Geographic feature
The Dead Sea
Also known as: Yam ha-Melaḥ, ha-Yam ha-Qadmonī, Límnē Asphaltîtis, Lacus Asphaltites, Yammā de-Milḥā, Baḥr Lūṭ
The Dead Sea is the terminal lake of the Jordan, the lowest exposed water on the planet, so saturated with salt and minerals that nothing lives in it and a swimmer cannot sink. It lies at the bottom of the great rift between the Judaean hills and the plateau of Moab, and the Hebrew Bible sets the cities of the plain, Sodom and Gomorrah among them, at its shores. No people lived on it or sailed it for its own sake, so it never acquired a name from itself; instead each tradition that knew it named it for whichever of its strange qualities struck that observer hardest. To the Hebrews it was the Yam ha-Melaḥ, the “Salt Sea,” and, from the vantage of those looking east across Judah, ha-Yam ha-Qadmonī, “the Eastern Sea.”
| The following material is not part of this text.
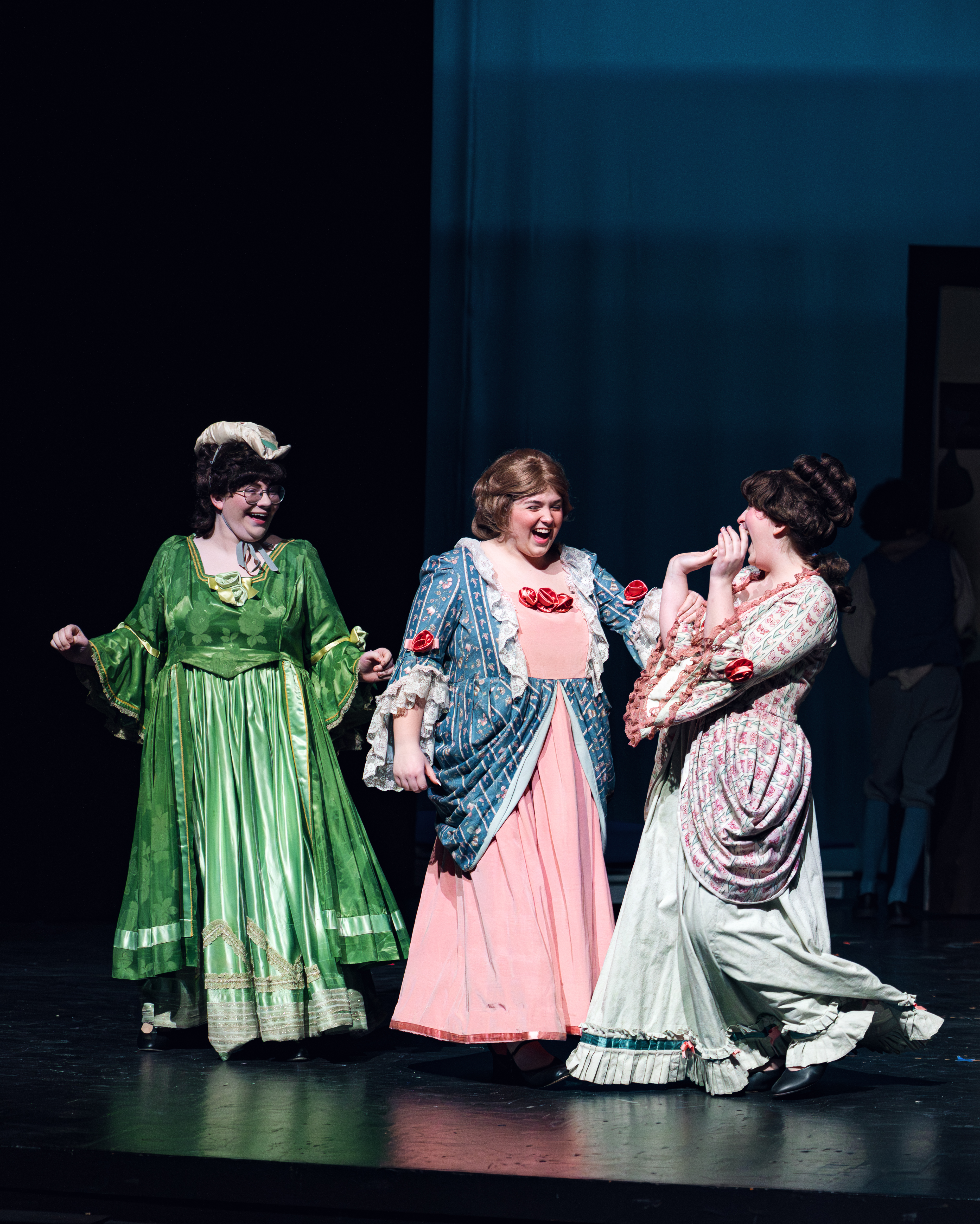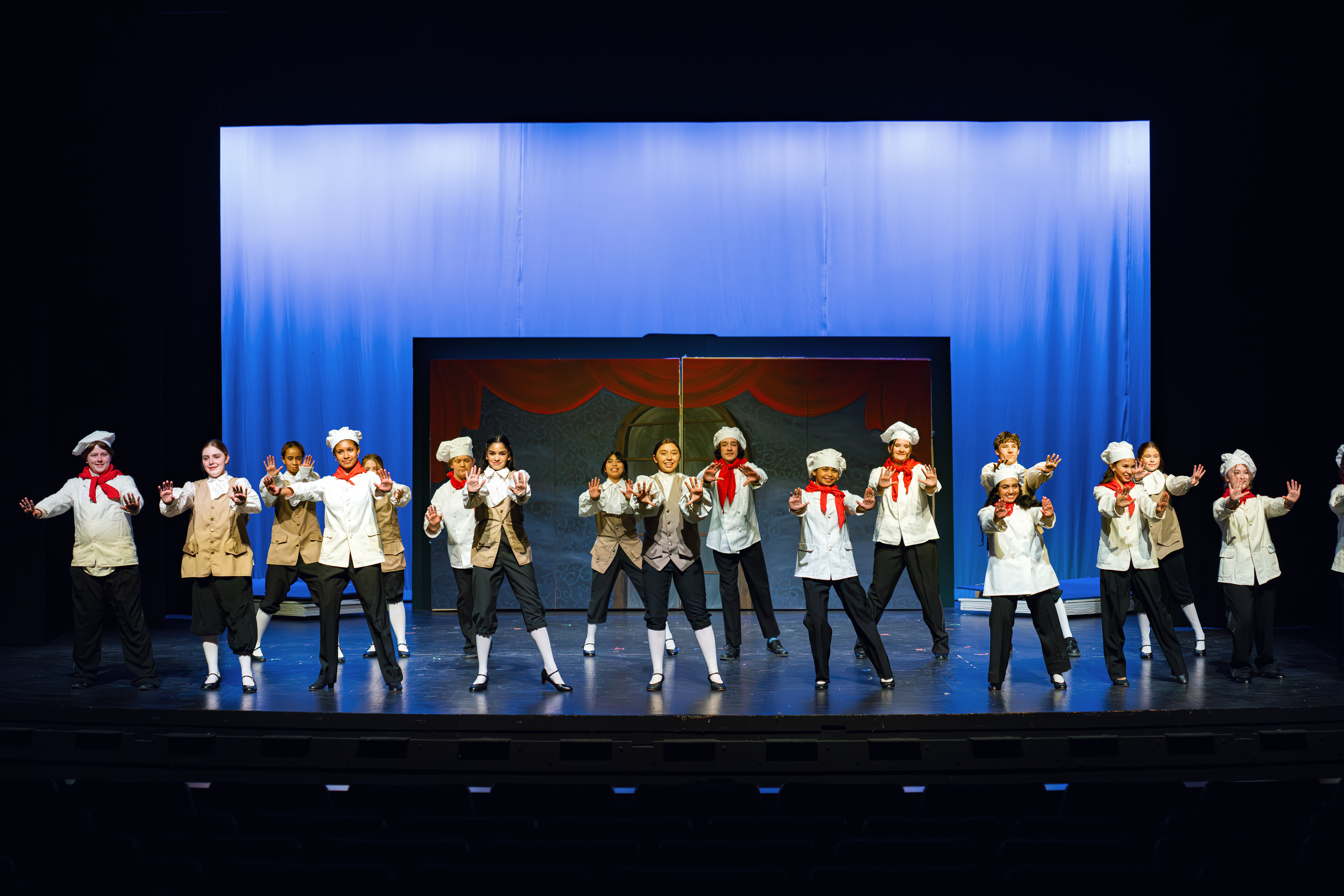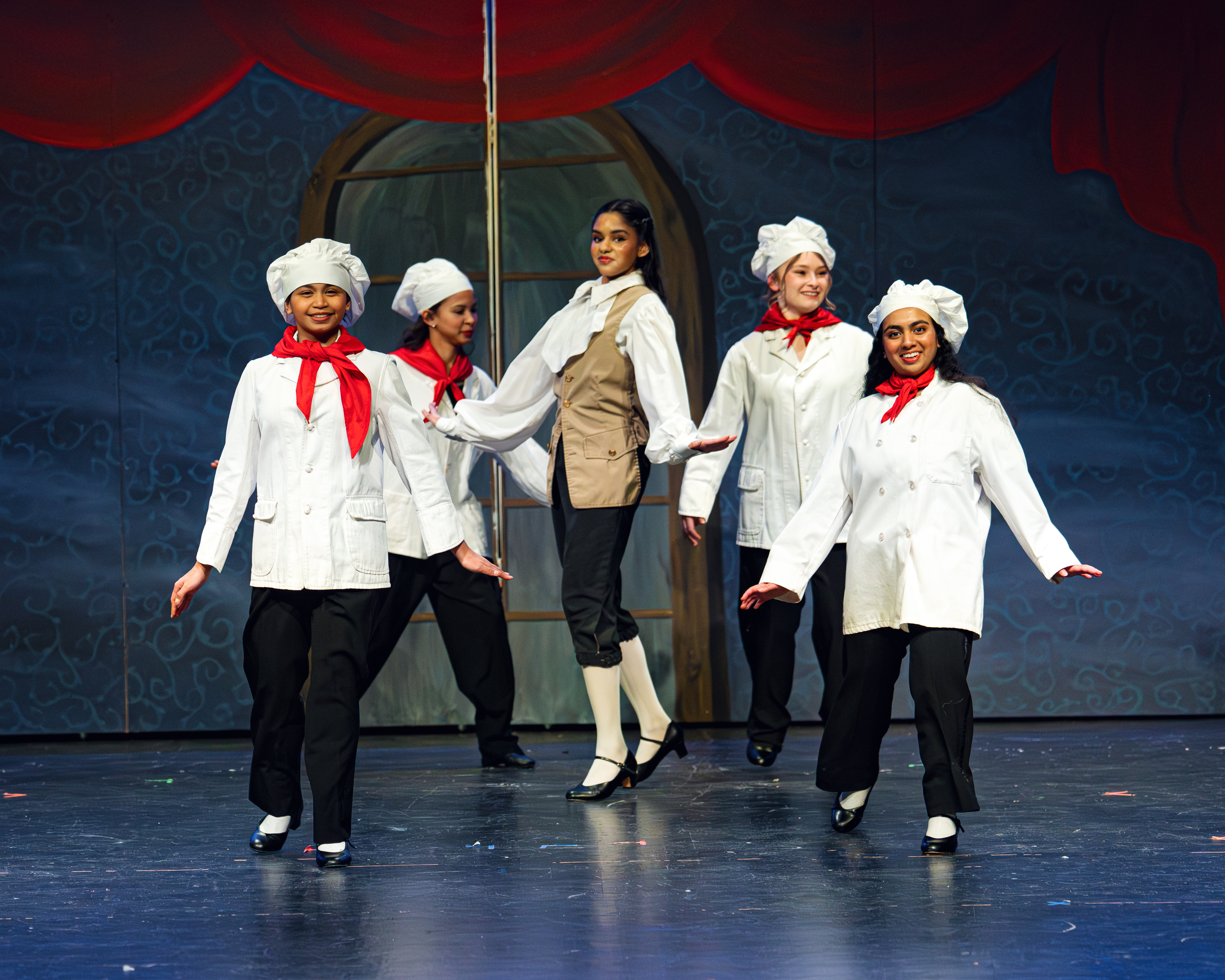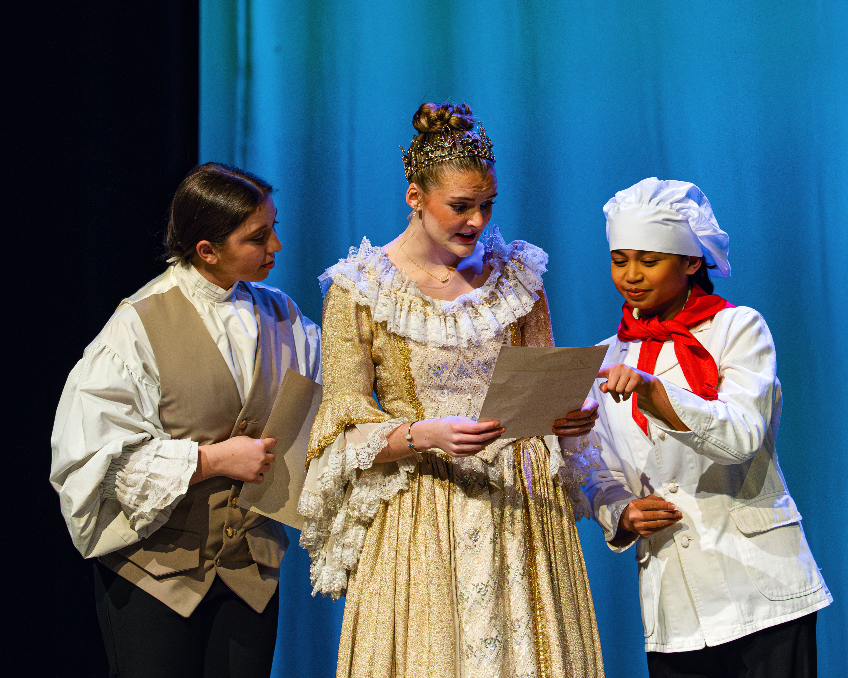Gianna Scalzo (as the Steward), Ella Pederson (as the Queen), and Zabella Marley Mejos (as the Cook)

What makes the lake’s onomastics distinctive is that every name is a different diagnosis of the same lethal water. The Hebrew names fix on the salt and the direction; the Greeks, who quarried the bitumen that floated to its surface and sold it across the Mediterranean, called it the Asphaltîtis, the “Asphalt Lake,” while a parallel Greek and Latin usage, the Nekrà Thálassa and Mare Mortuum, named it outright for its lifelessness and gave English its “Dead Sea.” The Arabs, reading the landscape through scripture, made it the Baḥr Lūṭ, the “Sea of Lot,” after the prophet whose people were destroyed beside it. A body of water with no life and no inhabitants to name it drew, from each of its neighbors, a name for a different way it kills.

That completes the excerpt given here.